基本的にコードも大きく動かずですが、ベースの動きが特徴ですね。
♭5の音を使われたダークな響きが、社会への不平不満をうたった歌詞とマッチしていますね。

ドラマーからのコメント
基本ずっと4つ打ちなんですけど、このテンポで難しいフィルや、キメなどもあるので、テンポキープが得意なドラマーでも前に出ちゃいかねないと思います。

実際youtubeなどに上がっている「叩いてみた」動画をいくつか見てみましたが、多くの方が走り気味になってしまう箇所がありました。
走ってしまう原因のほとんどは、フィルやキメに気を取られすぎだと思います。

フィルも曲の雰囲気を作るものだと思っているので、大事だとは思うのですが、安定していいノリを出すにはどうしたらいいのか考えさせられますね。
4つ打ちの曲が、簡単そうで実はとても難しい事、ビートやノリの大事さを改めて思い知らされました。

Aメロ:ダークな雰囲気

Aメロは『Bm』一定で曲が進行します。
その上でベース音だけ『B(Ⅰ)→F(♭Ⅴ)→E(Ⅳ)』と動いています。

前章でも記載しましたが、この曲のダークな響きの正体はおよそこの動きでしょう。(「ダーク」というか「邪悪」な感じというか。)
マイナーのトライアドコードの5度の音が半音下がることによって、3つの音が短3度の間隔で積みあがります。

そのコード一つでは、不安定で不気味な音がしますね。
5度がさがることをディミニッシュと言いますが、先ほどの3音にもう一つ短3度上の音を積み重ねるとJPOPでもよく使われる『dim7』コードになります。

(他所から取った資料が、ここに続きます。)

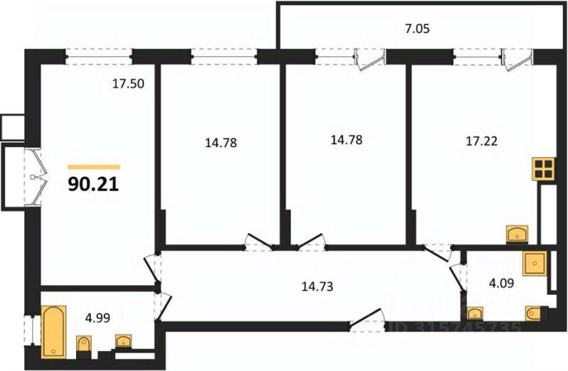 Квартира: 3 к 91,20 кв.м., 4 этаж в комплексе Аэро, 1 очередь, корп.D, сдача: 3кв. , этажей: 7, адрес Малое Исаково п., Первая ул., д. 1 корп 4, Застройщик: ГК Расцвет.

こうした♭5度を使ったダークな響きはメタル音楽でもよく使われていて、アメリカのヘヴィメタルバンド、メタリカのEnter Sandmanなどが有名ですね。

リズムで言うと1番Aメロはクローズしたハットの裏打ちで演奏されています。
2番では、前半休符となりハットとバスのリズムキープに徹しています。

Bメロ:サビの導入

Bメロに入ると、2拍3連でのキメ特徴的です。
コードの進行は『A#→Bm』の繰り返し。どちらも3度を抜いたパワーコード。

Bメロ5小節位目からはギターのトレモロ(ピッキング)も入りいよいよ盛り上がり始めます。

7小節目からは、これまでなかったしっかりとしたコード感が生まれサビに行く盛り上がりを演出します。
今まで単調だったコードでしたが、『Em→D→F#/C#』ベースが下降していくように進行し、Bmへと着知します。

ここですぐにサビに行かず4分の刻みでためて、2小節ののちサビに行きます。

この部分の解釈
短調だった動きから、Bメロで後半で徐々にテンションを持ち上げ、また一瞬落とし、サビで最高潮まで持っていく。
絶叫のアトラクションを乗っているような上げ下げで、いざメインとなるサビでは一番の臨場感を味わうことができます。

こういった手法をよく考えずに取り入れると、どこが一番絶叫できる場所なのか、そのアトラクション(曲)の一番の肝となる場所がわからなくなってしまいます。

この曲のサビをサビたらしめる要因はコード進行やドラム、コード感を持ったベース等様々ありますが、何より「Ado」さんの歌唱技術でしょう。
1サビ前「社会人には当然のルールです」では、おとなしぶってる様子でクールで落ち着きのある印象を感じさせます。

サビ「はぁ~」から迫力のあるがなりたてるような歌い方で、地声と裏声とを頻繁に行ききし、強烈な変化で聴者に驚きを与えてます。
主人公の感情の露出が、歌い方からこう激しく伝わってくるとはすさまじいですね。